▶ _TRY IT_:
Look through the material below and copy exactly the lines from the line with "CIELCh 76.031,90.922,135.538 Color" to the line with "ร้านขายยา เครื่องปรุง เครื่องเทศหมูย่าง", those two lines included.

▶ _AVAILABLE RECORDS_:
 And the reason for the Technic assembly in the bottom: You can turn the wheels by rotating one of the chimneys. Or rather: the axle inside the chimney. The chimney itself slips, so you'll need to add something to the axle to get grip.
* * *
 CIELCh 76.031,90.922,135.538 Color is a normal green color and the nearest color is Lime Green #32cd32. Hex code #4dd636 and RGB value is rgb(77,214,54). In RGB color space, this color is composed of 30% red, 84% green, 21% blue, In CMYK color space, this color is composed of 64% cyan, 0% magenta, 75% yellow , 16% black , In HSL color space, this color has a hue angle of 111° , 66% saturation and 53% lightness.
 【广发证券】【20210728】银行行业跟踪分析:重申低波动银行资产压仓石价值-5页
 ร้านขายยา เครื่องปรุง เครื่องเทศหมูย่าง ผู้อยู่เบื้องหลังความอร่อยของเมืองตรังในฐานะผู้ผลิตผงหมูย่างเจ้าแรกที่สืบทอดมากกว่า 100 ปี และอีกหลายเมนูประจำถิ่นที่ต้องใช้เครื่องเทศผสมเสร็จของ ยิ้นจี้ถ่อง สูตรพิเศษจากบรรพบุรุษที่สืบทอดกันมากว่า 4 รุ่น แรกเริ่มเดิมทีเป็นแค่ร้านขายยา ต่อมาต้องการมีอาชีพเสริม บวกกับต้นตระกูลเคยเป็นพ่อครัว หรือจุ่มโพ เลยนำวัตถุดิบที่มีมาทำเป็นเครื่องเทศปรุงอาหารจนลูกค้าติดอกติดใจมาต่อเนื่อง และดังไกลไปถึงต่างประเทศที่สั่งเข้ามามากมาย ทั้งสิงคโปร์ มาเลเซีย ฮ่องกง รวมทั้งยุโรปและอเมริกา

▶ _ANSWER TO THIS PROBLEM_:
 CIELCh 76.031,90.922,135.538 Color is a normal green color and the nearest color is Lime Green #32cd32. Hex code #4dd636 and RGB value is rgb(77,214,54). In RGB color space, this color is composed of 30% red, 84% green, 21% blue, In CMYK color space, this color is composed of 64% cyan, 0% magenta, 75% yellow , 16% black , In HSL color space, this color has a hue angle of 111° , 66% saturation and 53% lightness.
 【广发证券】【20210728】银行行业跟踪分析:重申低波动银行资产压仓石价值-5页
 ร้านขายยา เครื่องปรุง เครื่องเทศหมูย่าง ผู้อยู่เบื้องหลังความอร่อยของเมืองตรังในฐานะผู้ผลิตผงหมูย่างเจ้าแรกที่สืบทอดมากกว่า 100 ปี และอีกหลายเมนูประจำถิ่นที่ต้องใช้เครื่องเทศผสมเสร็จของ ยิ้นจี้ถ่อง สูตรพิเศษจากบรรพบุรุษที่สืบทอดกันมากว่า 4 รุ่น แรกเริ่มเดิมทีเป็นแค่ร้านขายยา ต่อมาต้องการมีอาชีพเสริม บวกกับต้นตระกูลเคยเป็นพ่อครัว หรือจุ่มโพ เลยนำวัตถุดิบที่มีมาทำเป็นเครื่องเทศปรุงอาหารจนลูกค้าติดอกติดใจมาต่อเนื่อง และดังไกลไปถึงต่างประเทศที่สั่งเข้ามามากมาย ทั้งสิงคโปร์ มาเลเซีย ฮ่องกง รวมทั้งยุโรปและอเมริกา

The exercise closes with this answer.